A Quantum-Digital Universe

          @misc{ scivideos_PIRSA:11050042,
            doi = {10.48660/11050042},
            url = {https://pirsa.org/11050042},
            author = {},
            keywords = {Quantum Foundations},
            language = {en},
            title = {A Quantum-Digital Universe},
            publisher = {Perimeter Institute for Theoretical Physics},
            year = {2011},
            month = {may},
            note = {PIRSA:11050042 see, \url{https://scivideos.org/index.php/pirsa/11050042}}
          }
          

Abstract

David Deutsch re-formulated the Church-Turing thesis as a physical principle, asserting that "every finitely realizable physical system can be perfectly simulated by a universal model computing machine operating by finite means". Such principle can be regarded as a new theoretical paradigm, whereby the entire Physics is emerging from a quantum computation. But for a theory to be a good one, it must explain a large class of phenomena based on few general principles. Taking as a general principle the topological homogeneity of the computational network with graph-dimension equal to the space-time dimension corresponds to replacing quantum field theory (QFT) with a numerable set of quantum systems in local interaction. This means to consider QFT as a kind of Fermi-scale thermodynamic" limit of a deeper Planck-scale theory, with the quantum field replaced by a giant quantum computer. In the talk, I will illustrate mechanisms of emergence of physics from the quantum computation in 1+1 dimensions. We will see that Dirac's is just the equation describing the free flow of information, leading to an informational definition of inertial mass and Planck constant. I will then illustrate the emergence mechanism of Minkowsian space-time from the computation, how the field Hamiltonian comes out, and how quantum fields are actually eliminated in favor of qubits.
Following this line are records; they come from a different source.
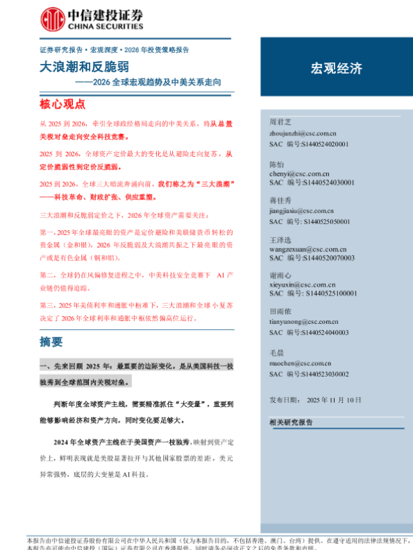 【中信建投证券】【202511】2026全球宏观趋势及中美关系走向:大浪潮和反脆弱-33页 证券期货研究报告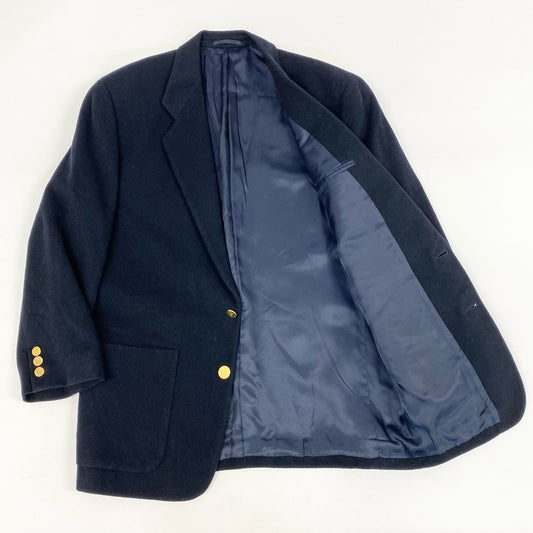24i25《極美品》 BRITISH MADE ブリティシュメイド テムズ テーラードジャケット 紺ブレザー 真鍮メッキボタン L ダークネイビー ウール メンズu02t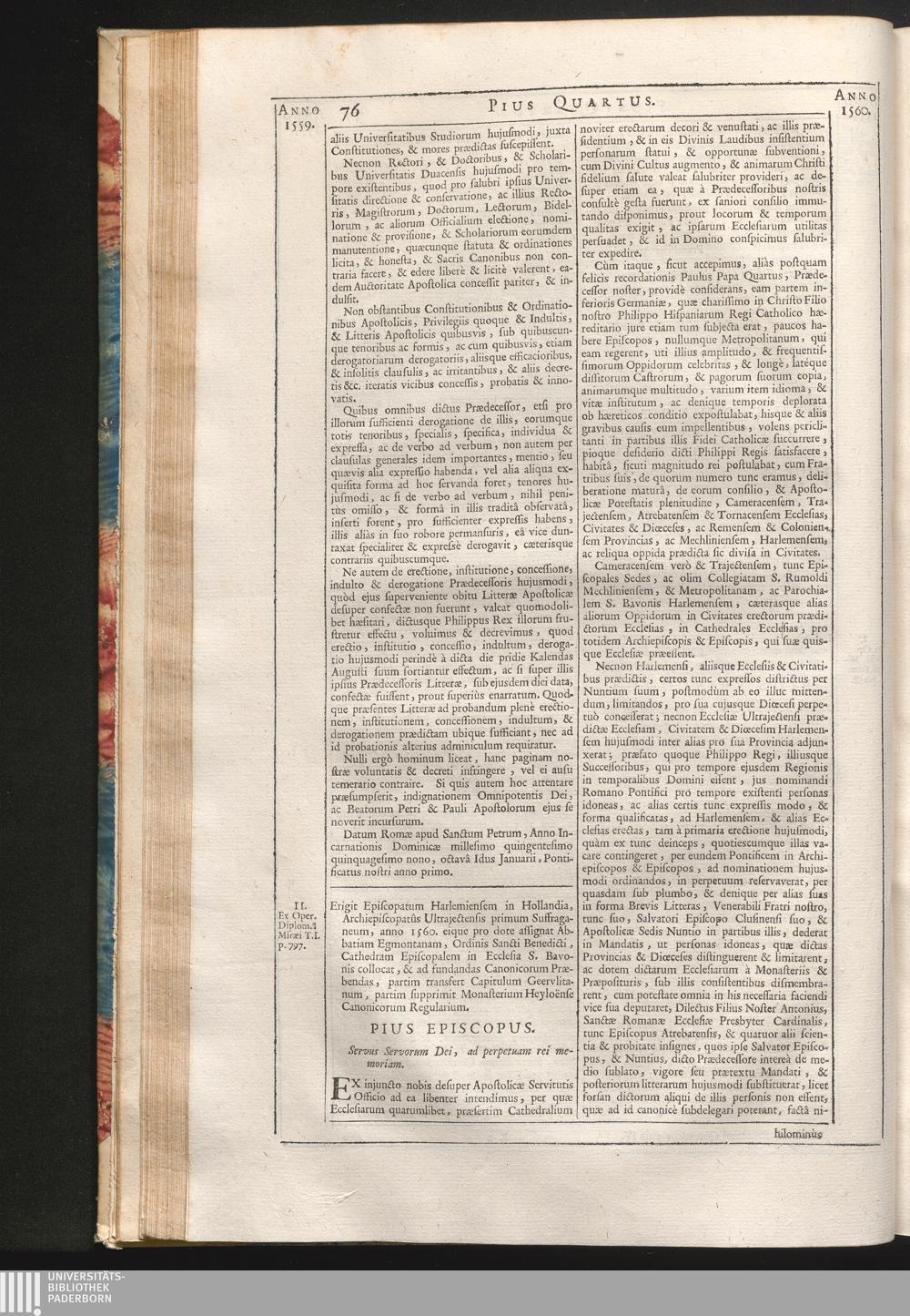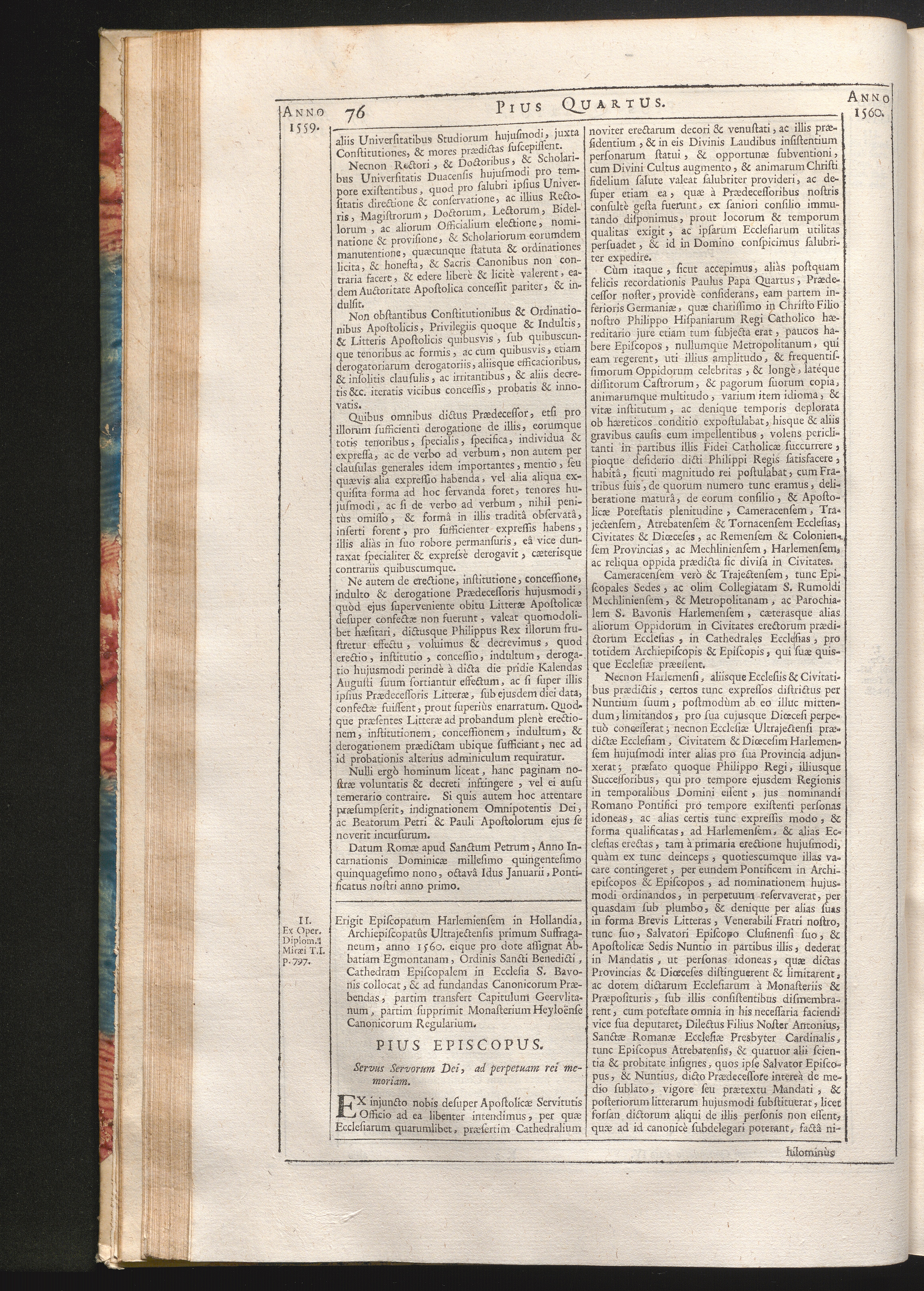 2. Ex injuncto nobis &c. Erigit Episcopatum Harlemiensem in Hollandia, Archiepiscopatûs[...]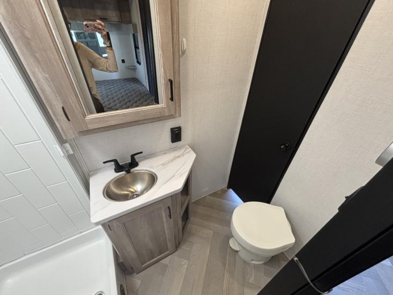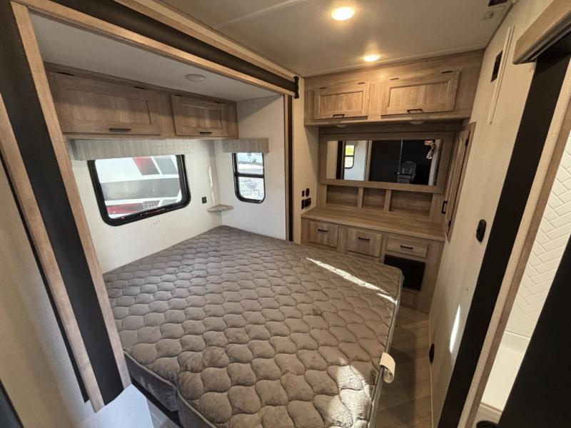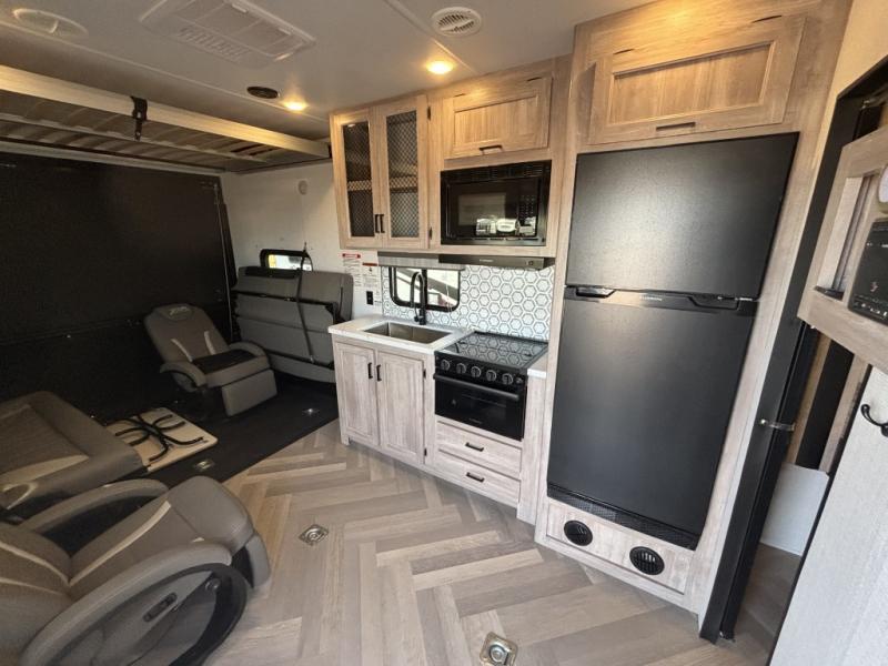 Bring your favorite off-road toys with you in this toy hauler to your favorite camping spots! The 14' garage includes opposing sofa sleepers with a removable dinette table to create a queen bed sleeping area, plus a Euro bed above for your guests to sleep on. Head to the main living/kitchen area to prepare a quick lunch on the three burner cooktop, then relax in one of the two chairs before heading back outside. The front of this toy hauler is shared with the master bedroom and dual entry bath you are sure to love, pus there is a dresser with a mirror to get ready each day. The exterior has many features you will love like the docking station, the outside TV prep area, the 14' power awning, and the outside storage areas!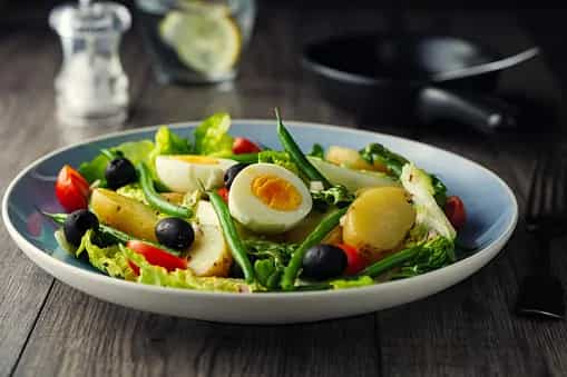 Salad Niçoise is a classic French salad that originated in the city of Nice on the Mediterranean coast. Traditionally, it consists of a bed of crisp lettuce leaves topped with boiled or steamed green beans, sliced tomatoes, hard-boiled eggs, canned or fresh tuna, and Niçoise olives. Sometimes, anchovies, capers, and chopped herbs like parsley, chives, or tarragon are added to the salad for additional flavour.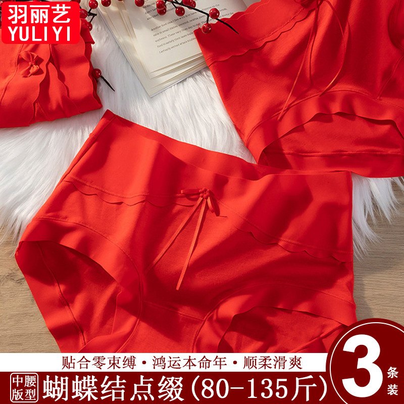 中国红柔软透气女士内裤鸿运本命年舒适立体包臀不夹臀女士三角裤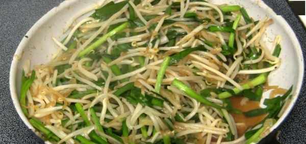 3、接着热锅炒豆芽和韭菜,加少许盐炒至蔬菜变软出水。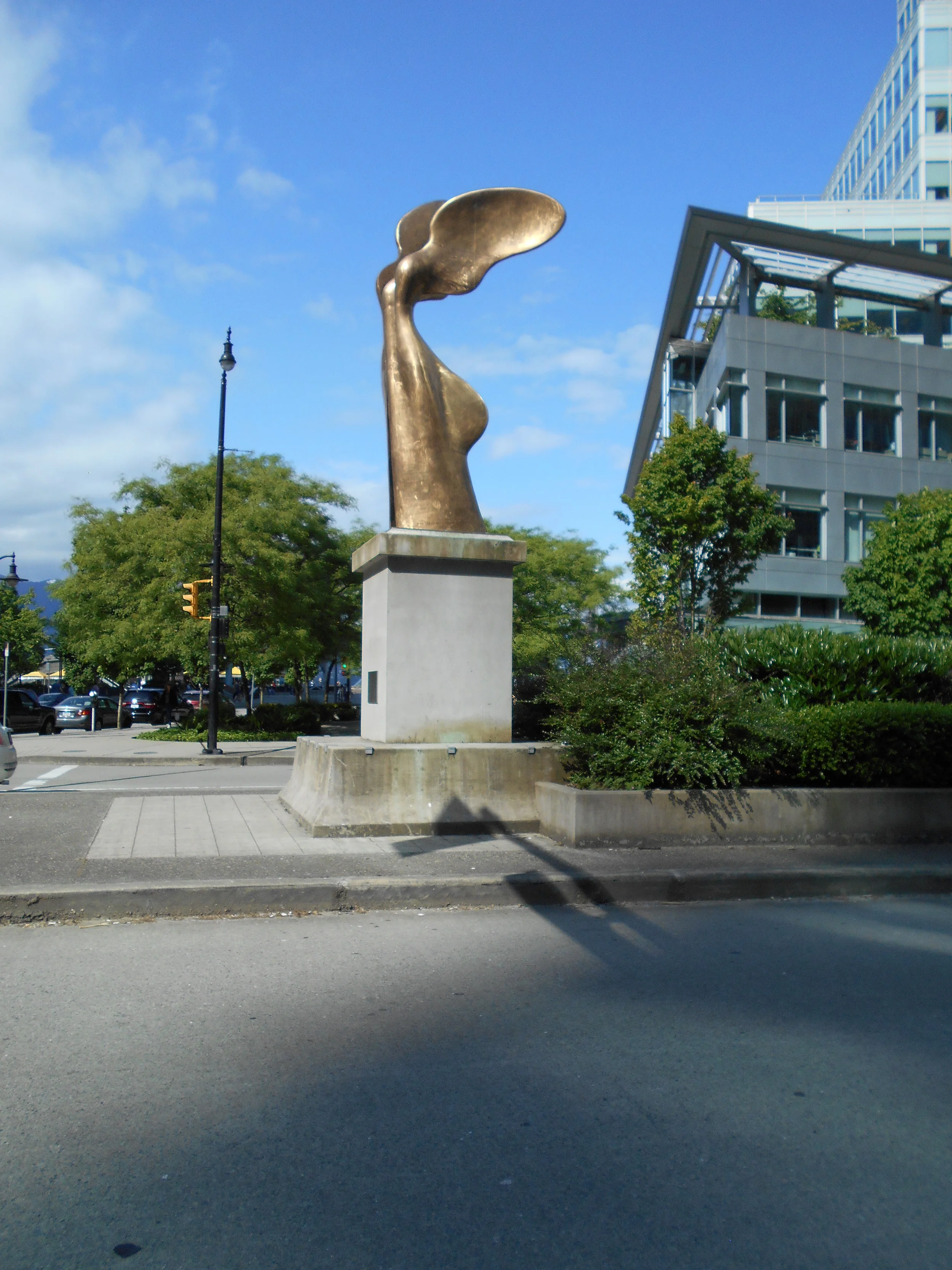 The Cielo apartment building is worth having a look at: Architects Barry Vance Downs and Richard Archambault were honoured by the City of Vancouver for “Environmental Sustainability” because the Cielo was the first geothermal energy-efficient residential tower in Vancouver. Built in 2007, it features a heat exchange system. There is also a water feature outside the lobby that adds soothing sounds to mask the traffic noise as you contemplate the humour implied by the tall bold sculpture on the other side of the building’s entrance.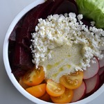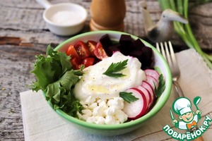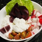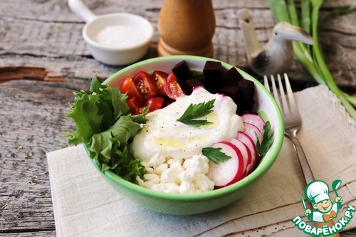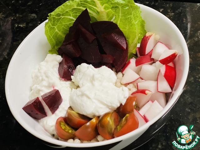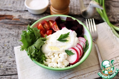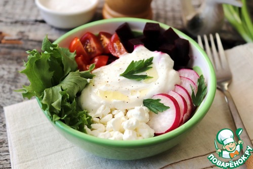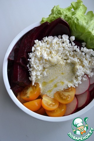 И разложив все ингредиенты сверху - запеченую свёклу, редиску, помидоры черри, листья салата и рассыпчатый творог ТМ "Искренне ваш".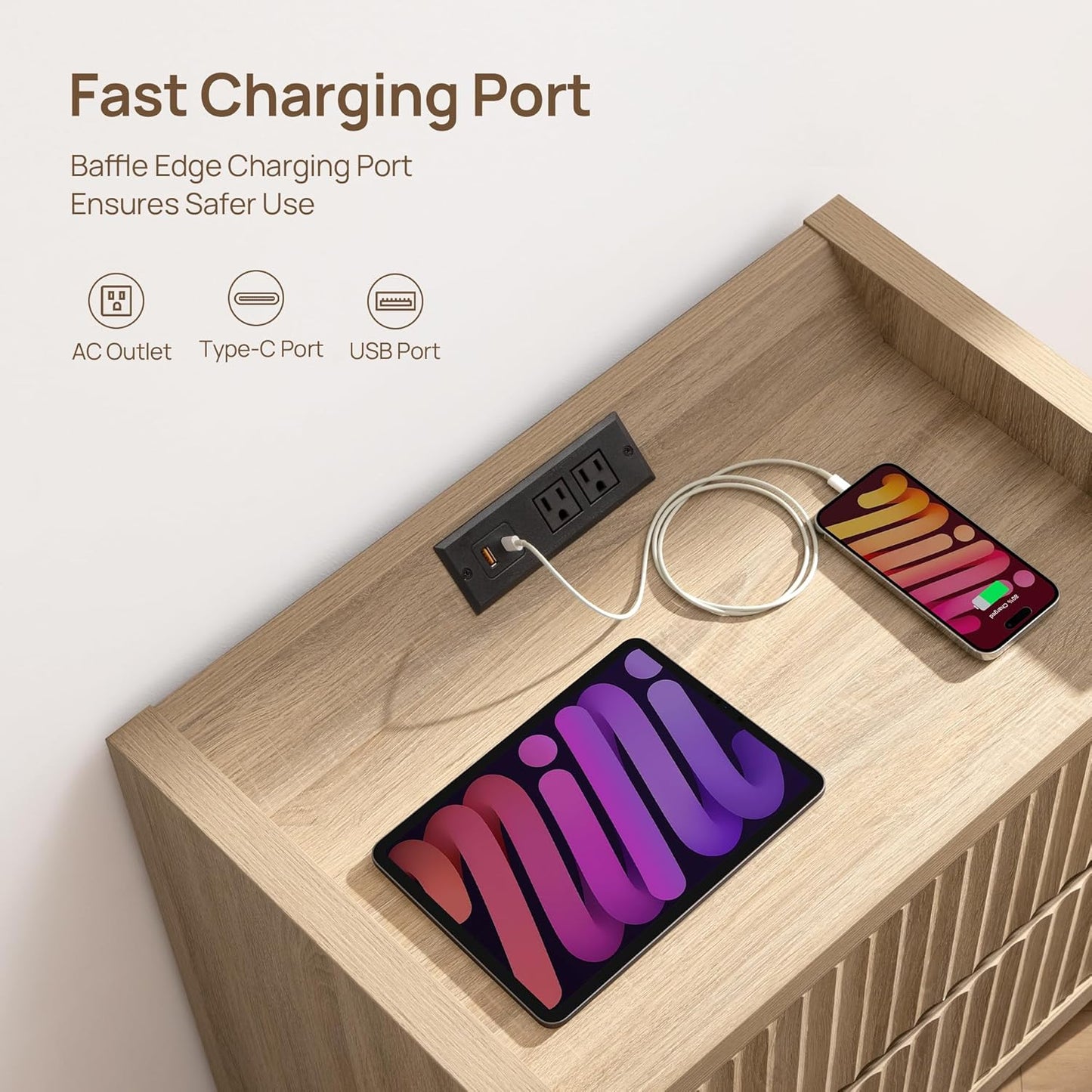 - 【Convenient Night Stand with Charging Station】- Don’t worry about low battery again! Our farmhouse large nightstands with a built-in charger station in the raised edge baffle, featuring both AC outlets and USB ports allow you to charge your phone, tablet, or other devices right at your bedside. No more searching for outlets.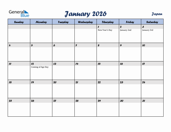 The Sunday start January 2026 calendar with holidays in Japan can help plan out your monthly events and schedule, while keeping track of the public holidays for the month of January.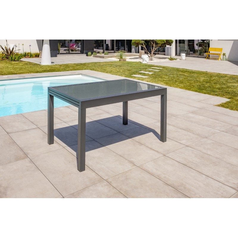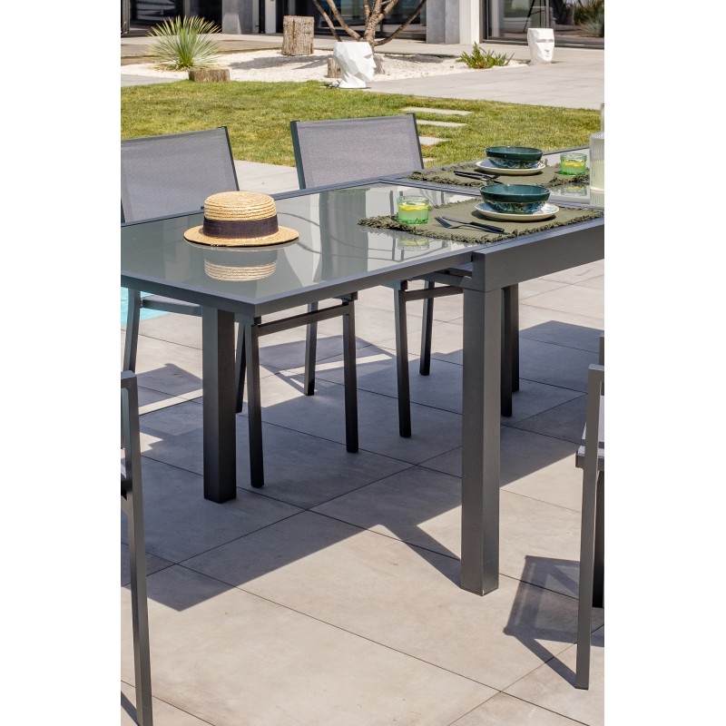La table de jardin TOLEDE est en aluminium gris anthracite. Son plateau en verre est équipé d’une rallonge astucieuse et discrète.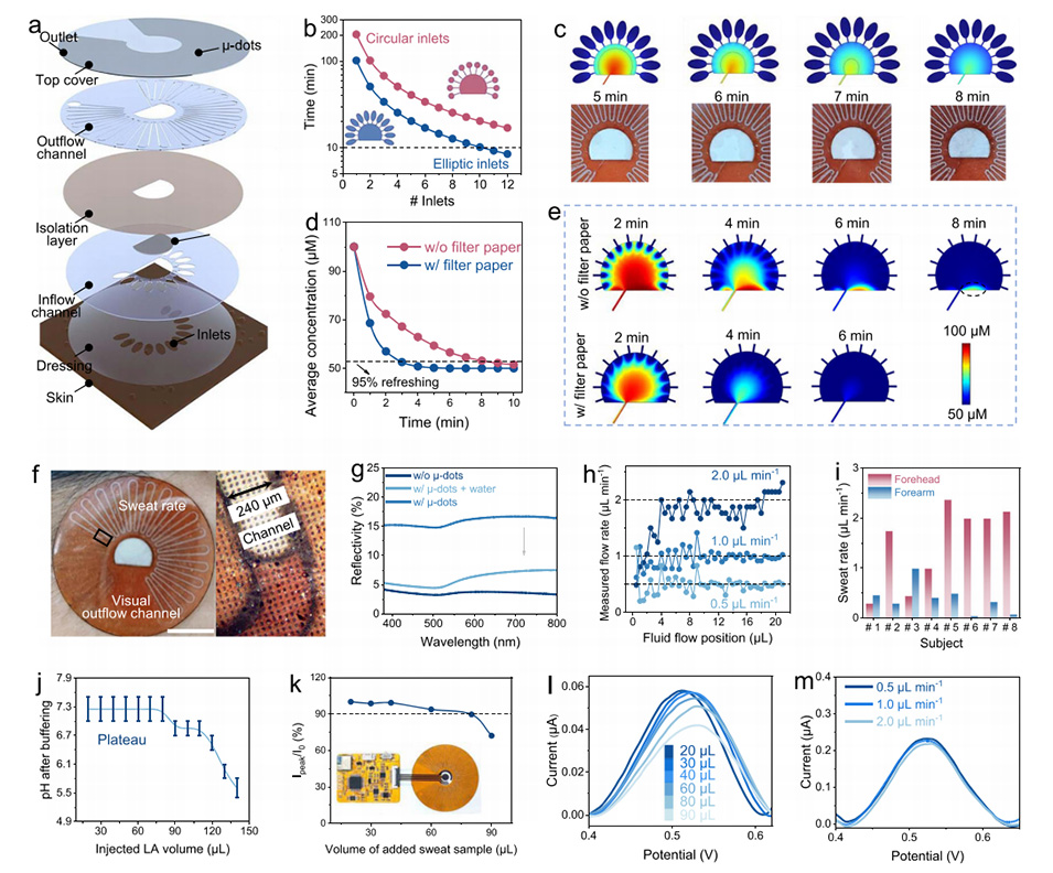 图4.用于动态运动汗液分析和评估的可穿戴多模态生物芯片的人体评估。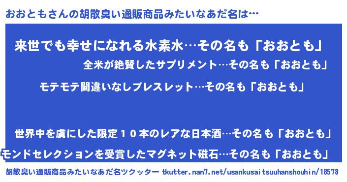 | ヘコむあだ名 | 『おおにー』『おおとも(遠い目)』 |

We will see that the digital nature of the field leads to an in-principle observable consequence in terms of a mass-dependent refraction index of vacuum, with the information becoming stationary at the Planck mass. Such refraction index of vacuum is a general phenomenon due to unitariety in the discrete, and can also help in solving the speed-of-light isotropy conundrum posed by digitalization of the field in more than 1 space dimensions. We will also see how the quantum nature of the processed information plays a crucial role in other practical informational issues, e.g. the possibility of driving the information in different directions, without the need of increasing the complexity of the circuit. Finally I will briefly comment about gravity as emergent from the quantum computation, and the connection with Verlinde-Jacobson approach.